Expand the test framework changes to support other categories of chaos test focused perhaps on resource consumption rather than solely networking issues
Invest some time in investigating and finding a way to bridge a gap where we have been finding that the data we use for tests, simply doesn't exercise enough corner cases to find issues prior to getting to production.
@grantyoung - from our latest discussion: we will look into how to breakdown the RA proposal into OKRs. For example, setting up the learning path + FAQs in Q4 would be a great help in getting more team members involved in RA review
Add more verification of different replication types into gitlab-qa
Also for other ideas I was looking add possibly adding more varied builds into the Geo pipelines. Currently, we test 1k and 3k reference architecture. Whilst these are good for size, there are more variations, such as, file based object storage and external postgres/replication. Some discussion with the Geo team was done in https://gitlab.com/gitlab-org/geo-team/geo-ci/-/issues/2
@nwestbury - thanks Nick! in agreement we should look to add more varied builds into the Geo pipelines. We can call out specifically which ones for an OKR in Q4.
One more thought here was to add support for a HA tracking databases in GET. This may have some crossover with some of @grantyoung plans so will just leave it here as a thought for now.
@ksvoboda (This is just a cut and paste from our 1:1 doc): with regard to decomposing the work, I have some thoughts, but wasn’t sure if you wanted them on the issue, or in Ally, so I’ll write them here, and we can move them to where they best fit.
The work to allow the Data Stores tests to run in live environments was done last quarter.
Last week I ran some experiments. I have a draft MR that uses the GITLAB_QA_ACCESS_TOKEN explicitly instead of the default user’s credentials. This is because the default user doesn’t have credentials on live environments like Staging, Staging-Ref and Production. gitlab-org/gitlab!93972 (closed)
I then ran the same test, but set the GITLAB_QA_ACCESS_TOKEN variable to be the GITLAB_QA_ADMIN_ACCESS_TOKEN instead which worked.
I then tried to reproduce my results in CI (ongoing).
This tells me that one of two things is happening, either:
There is code executing that requires admin credentials, and we need to modify the test, or
The GITLAB_QA_ACCESS_TOKEN doesn’t have sufficient credentials to run the test and needs to be modified.
So, now, I’m going to audit the test while running with the GITLAB_QA_ACCESS_TOKEN credentials to verify the test does not require admin credentials somewhere.
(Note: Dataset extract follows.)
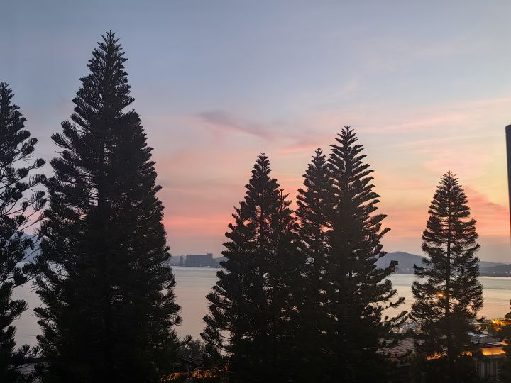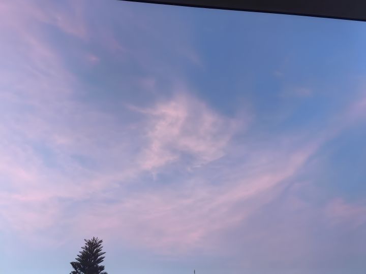 肉眼看粉色更深,蓝色更浅,不会调手机相机参数,只能随手照了。过了一会儿天色就变暗了,云彩也散了。

Once that is done, if I find the test is correctly written, I’ll need to modify the GITLAB_QA_ACCESS_TOKEN in Staging, and likely Staging-Ref. But rotating an access token isn’t something I’ve done frequently and it has repercussions, so I’ll need to ask about how to do that safely so that no other tests are impacted negatively.
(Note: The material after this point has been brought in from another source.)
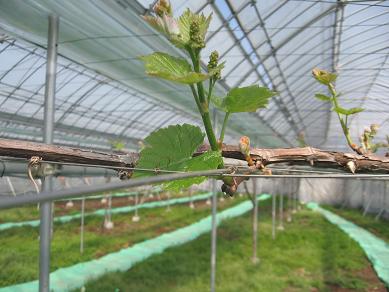 松本市山辺のブドウハウスの中。既に葉が開いていますハウスの中は30度近くあります(*^。^*)

That said, I think the procedure is something like:
Log into Staging with the admin login in 1Password
Revoke the old GITLAB_QA_ACCESS_TOKEN
Create a new access token called GITLAB_QA_ACCESS_TOKEN and give it the proper api scope needed to run the tests
Change the 1Password entry to reflect the new token
I agree with the idea of expanding the suite of chaos tests being a good candiate for an OKR.
we could have the option of expanding the initial set of networking issues
we could consider the idea of expanding the test framework changes to support other categories of chaos test focused perhaps on resource consumption rather than solely networking issues
Yes, feature flags in testing have been a pain point. Note our general investment into feature flags in Gitaly (gitlab-org/gitaly#4459 (closed)); making consistent use of them in tests would nicely match this.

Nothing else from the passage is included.